Goal of the exercise:
Nothing but an exact repeat of the data, with pictures removed, belongs in the answer.

Data provided:
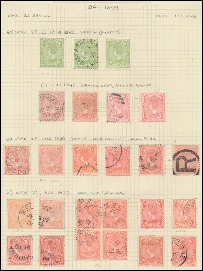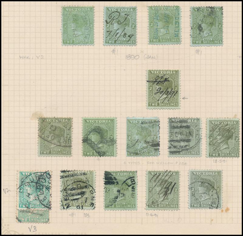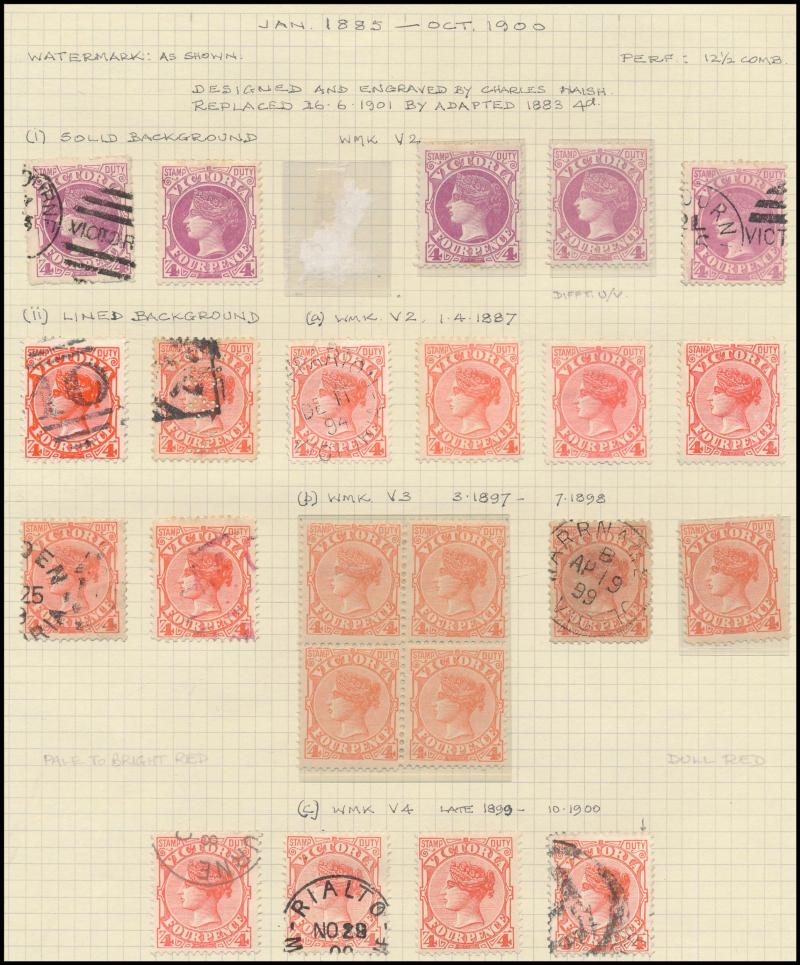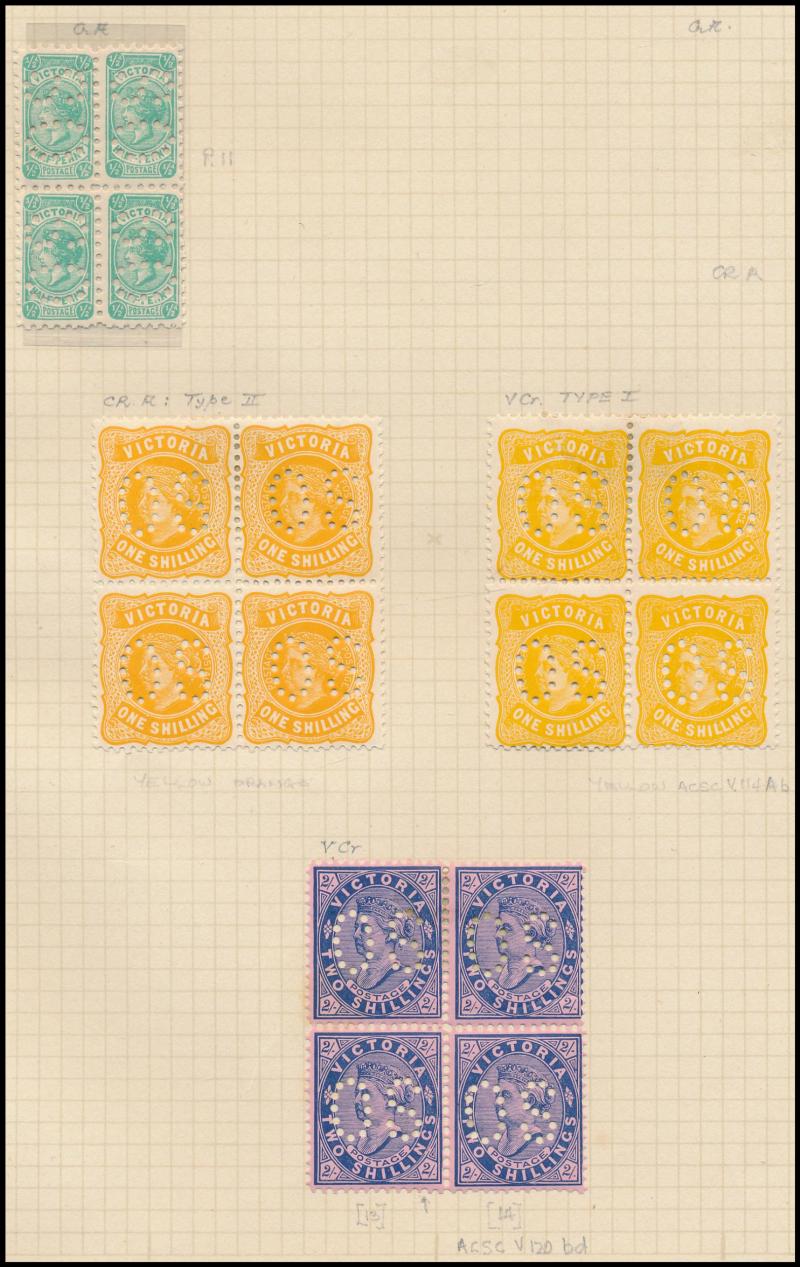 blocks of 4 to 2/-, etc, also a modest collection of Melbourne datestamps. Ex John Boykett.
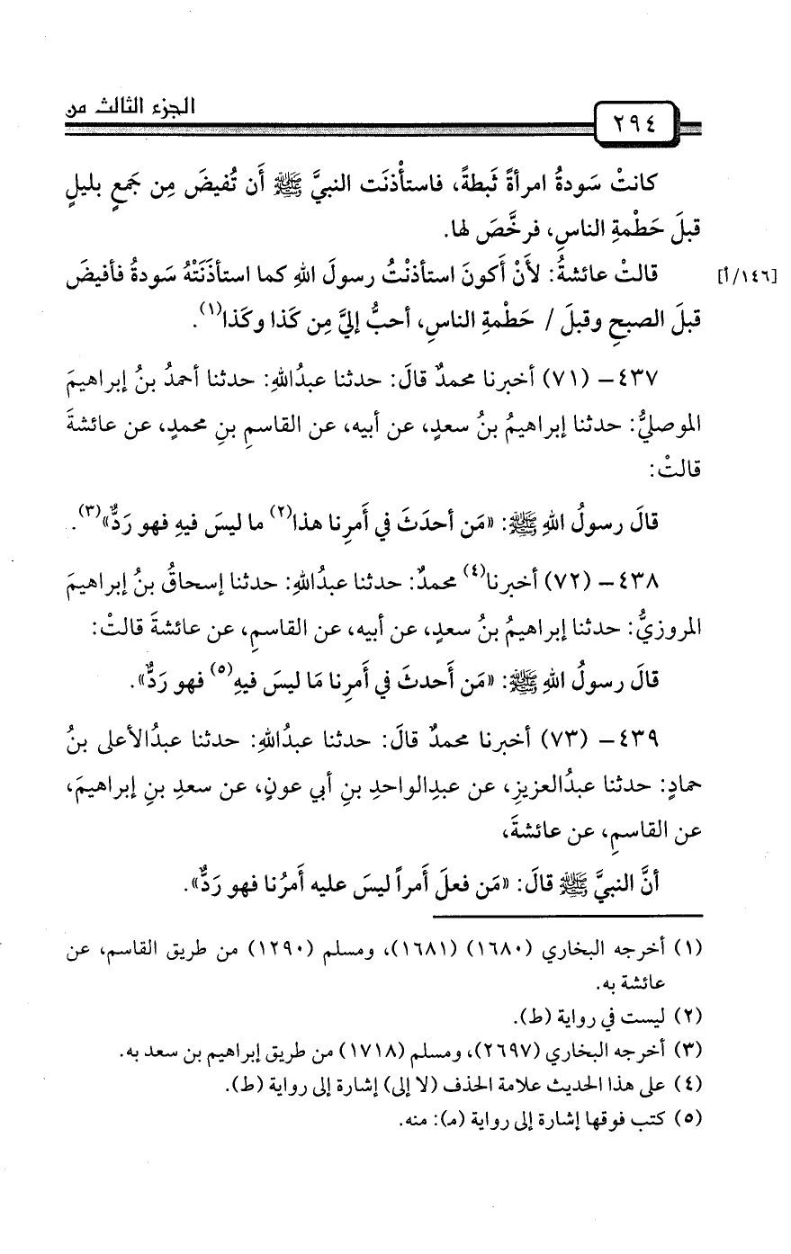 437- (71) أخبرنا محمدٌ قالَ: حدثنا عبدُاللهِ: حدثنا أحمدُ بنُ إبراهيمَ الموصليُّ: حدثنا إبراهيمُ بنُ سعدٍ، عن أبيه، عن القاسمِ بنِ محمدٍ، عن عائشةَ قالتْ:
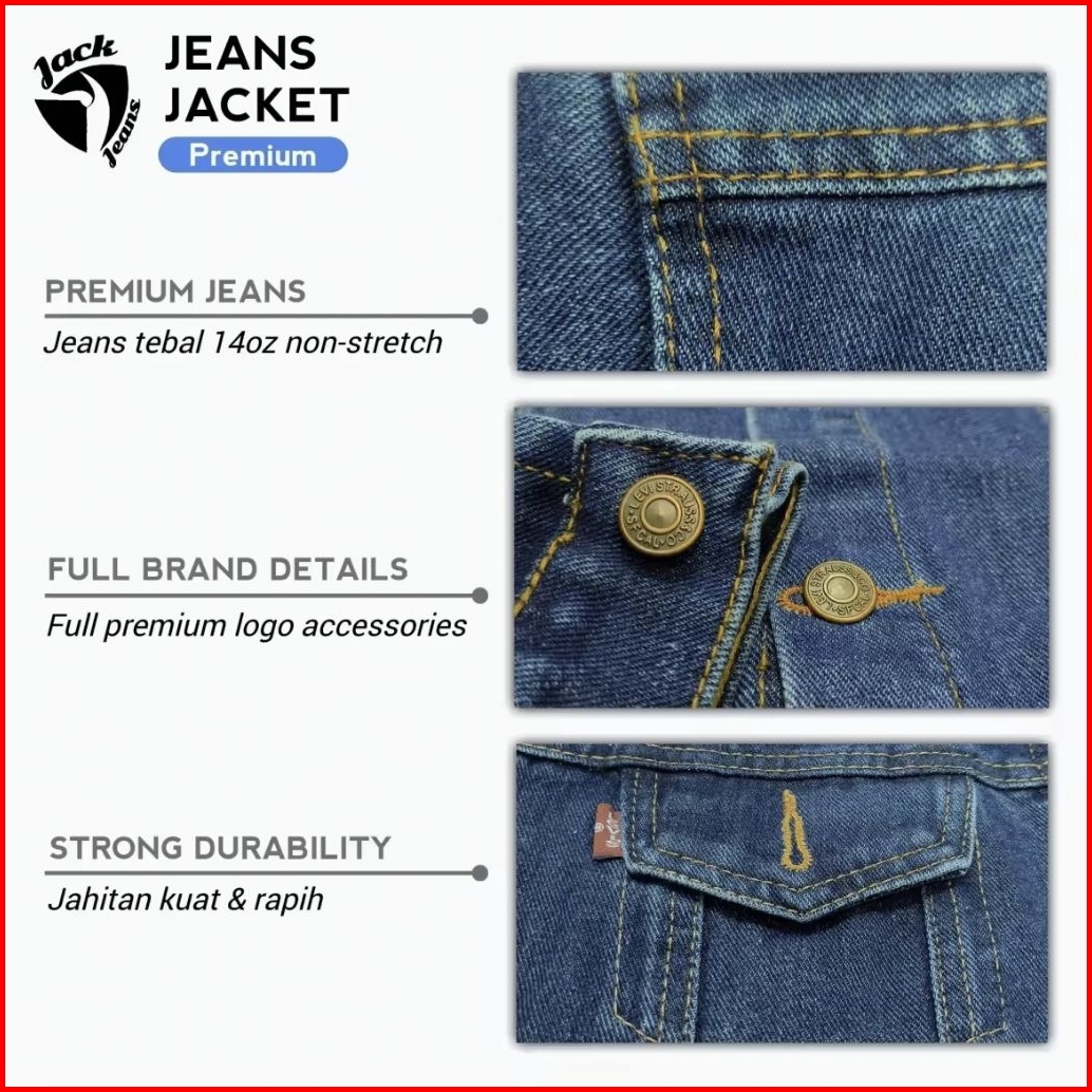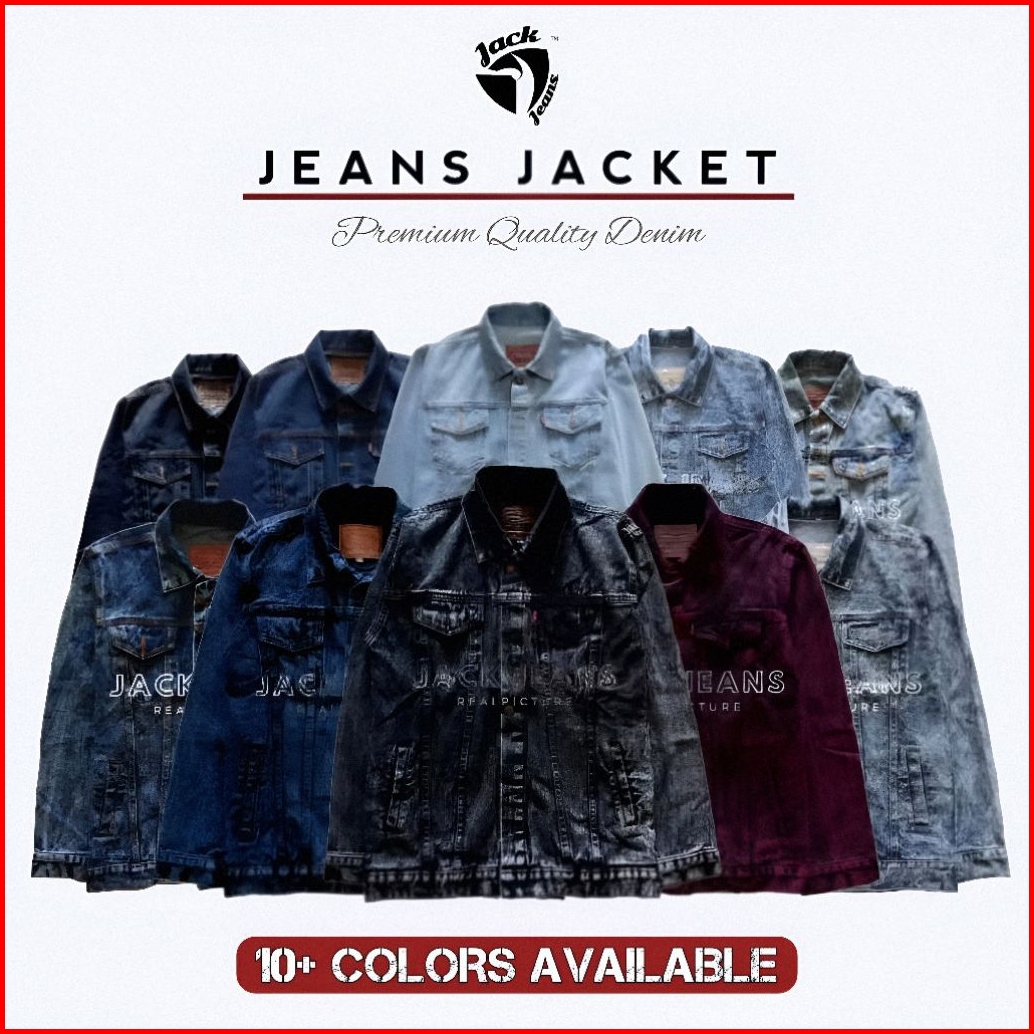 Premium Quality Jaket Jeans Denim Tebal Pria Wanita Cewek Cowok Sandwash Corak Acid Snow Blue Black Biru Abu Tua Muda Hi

Answer section:
 blocks of 4 to 2/-, etc, also a modest collection of Melbourne datestamps. Ex John Boykett.
 437- (71) أخبرنا محمدٌ قالَ: حدثنا عبدُاللهِ: حدثنا أحمدُ بنُ إبراهيمَ الموصليُّ: حدثنا إبراهيمُ بنُ سعدٍ، عن أبيه، عن القاسمِ بنِ محمدٍ، عن عائشةَ قالتْ:
 Premium Quality Jaket Jeans Denim Tebal Pria Wanita Cewek Cowok Sandwash Corak Acid Snow Blue Black Biru Abu Tua Muda Hi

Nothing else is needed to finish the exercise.